(Dataset excerpts Opens)
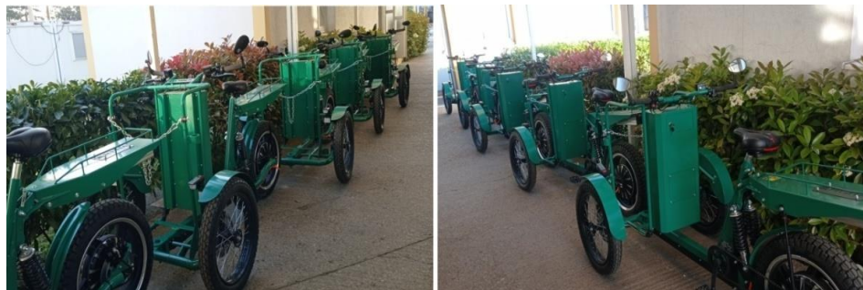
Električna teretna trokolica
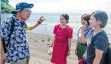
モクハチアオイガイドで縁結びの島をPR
(Dataset excerpts Closes)
(Dataset excerpts Opens)
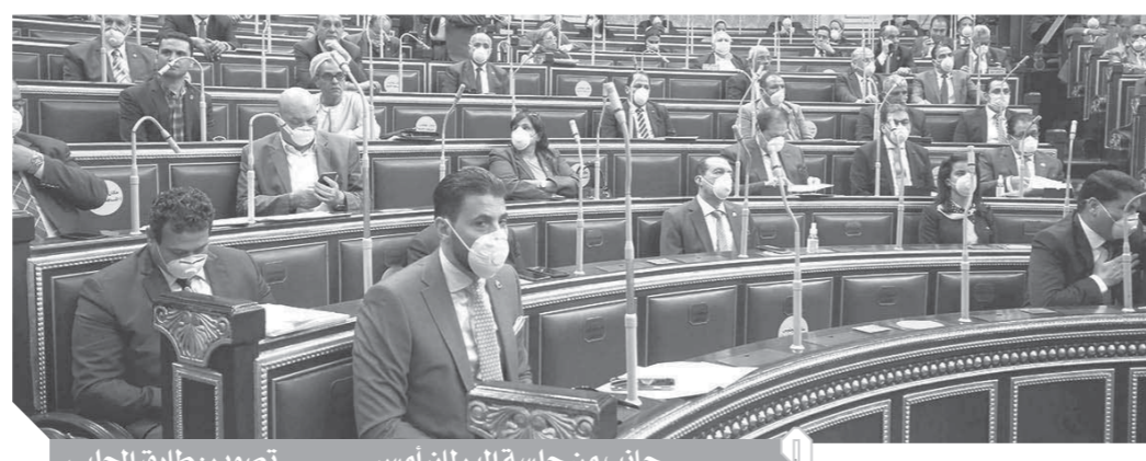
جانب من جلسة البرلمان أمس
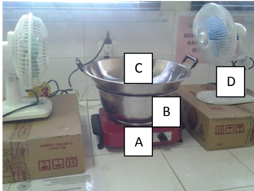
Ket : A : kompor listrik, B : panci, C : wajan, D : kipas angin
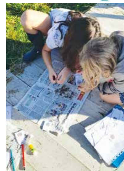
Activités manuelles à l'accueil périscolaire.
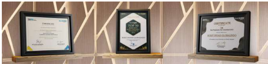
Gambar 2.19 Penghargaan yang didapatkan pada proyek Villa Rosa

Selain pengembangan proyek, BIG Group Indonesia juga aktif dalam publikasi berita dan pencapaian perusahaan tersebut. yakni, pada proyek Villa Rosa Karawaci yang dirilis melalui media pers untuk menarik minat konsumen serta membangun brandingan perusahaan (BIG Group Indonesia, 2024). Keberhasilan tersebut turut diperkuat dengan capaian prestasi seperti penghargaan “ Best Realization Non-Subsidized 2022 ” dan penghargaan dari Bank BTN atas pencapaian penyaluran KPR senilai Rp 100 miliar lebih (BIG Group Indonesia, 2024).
(Dataset excerpts Closes)
(Dataset excerpts Opens)
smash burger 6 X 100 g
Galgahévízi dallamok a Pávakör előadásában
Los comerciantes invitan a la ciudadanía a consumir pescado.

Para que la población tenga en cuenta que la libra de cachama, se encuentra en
(Dataset excerpts Closes)
### [Work task]
Your answer must be everything above from the line with "Ket : A : kompor" down to the line with "Selain pengembangan proyek, BIG", word for word, and no pictures.

### [Solution below]
Ket : A : kompor listrik, B : panci, C : wajan, D : kipas angin
Activités manuelles à l'accueil périscolaire.
Gambar 2.19 Penghargaan yang didapatkan pada proyek Villa Rosa

Selain pengembangan proyek, BIG Group Indonesia juga aktif dalam publikasi berita dan pencapaian perusahaan tersebut. yakni, pada proyek Villa Rosa Karawaci yang dirilis melalui media pers untuk menarik minat konsumen serta membangun brandingan perusahaan (BIG Group Indonesia, 2024). Keberhasilan tersebut turut diperkuat dengan capaian prestasi seperti penghargaan “ Best Realization Non-Subsidized 2022 ” dan penghargaan dari Bank BTN atas pencapaian penyaluran KPR senilai Rp 100 miliar lebih (BIG Group Indonesia, 2024).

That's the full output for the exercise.